The wife and I downsized from a large 5th to this new unit. I love the easy pull,size and layout. We live in Cincinnati and are heading to yellowstone in June. Maybe someone would give me advise on attractions and grounds. We are west entrance. This is my first post so any information is helpful. I tow it with an 08 tundra. Thanks Ron


----------



## hautevue (Mar 8, 2009)

We were there 2 yrs ago. There is a nice campground between the two parks (Yellowstone and Grand Teton). Res. definitely needed. The advantage of that campground is that you can go north into Y or south down to GT with ease. Best bet is to go to the Yellowstone web site--they have a ton of info there.

Both Y and GT are definitely crowded from mid-June (school's out) until mid-to-late August. Expect crowds--it's one of the most popular US National Parks, so crowding is common. A ton of folks tow into the parks so unless you get there at 8 or 9 am, you probably won't get a site without a reservation.

There are several campgrounds around the parks, and more outside the parks. But I really recommend reservations wherever you decide to stay, if you can plan that.


----------



## Troy n Deb (Aug 31, 2009)

My cousin did a trip out West and had agreat time. I have attached a link to his site. You can kinda look on there for attractions and where to go.

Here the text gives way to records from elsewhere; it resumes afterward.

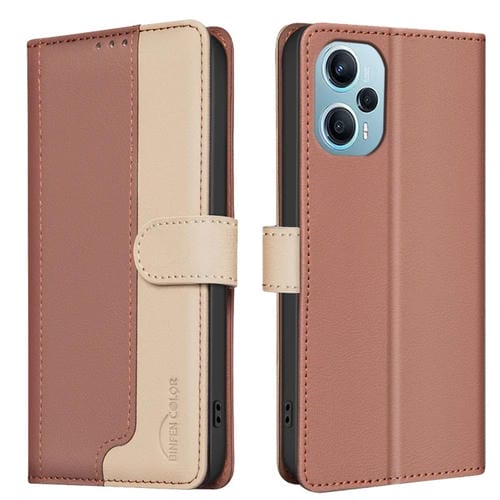 Para Xiaomi Poco F5 5G Funda de Teléfono de Cuero Antirrobo Rfid a Juego de Colores (Marrón)
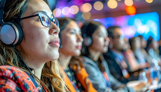 Diverse Audience Attendees Listening to a Speaker at a Large Conference, A diverse audience gathered in a large conference hall, listening attentively to a speaker
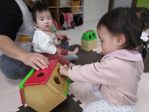 型はめに興味を持ち、先生と一緒にやって楽しみました(*^_^*)

http://www.epandthemissle.com/

Go to blogs, select, list all, and you should find what you need.


----------



## gzaleski (Aug 29, 2009)

Welcome and congrats on your new Outback!


----------



## ORvagabond (Apr 17, 2009)

WELCOME to Outbackers!!!


----------



## LaydBack (Aug 22, 2010)

Sorry, don't have any info/advise for Yellowstone, but welcome to the forum. Plenty of help roaming around here.


----------



## rdvholtwood (Sep 18, 2008)

Welcome to Outbackers!


----------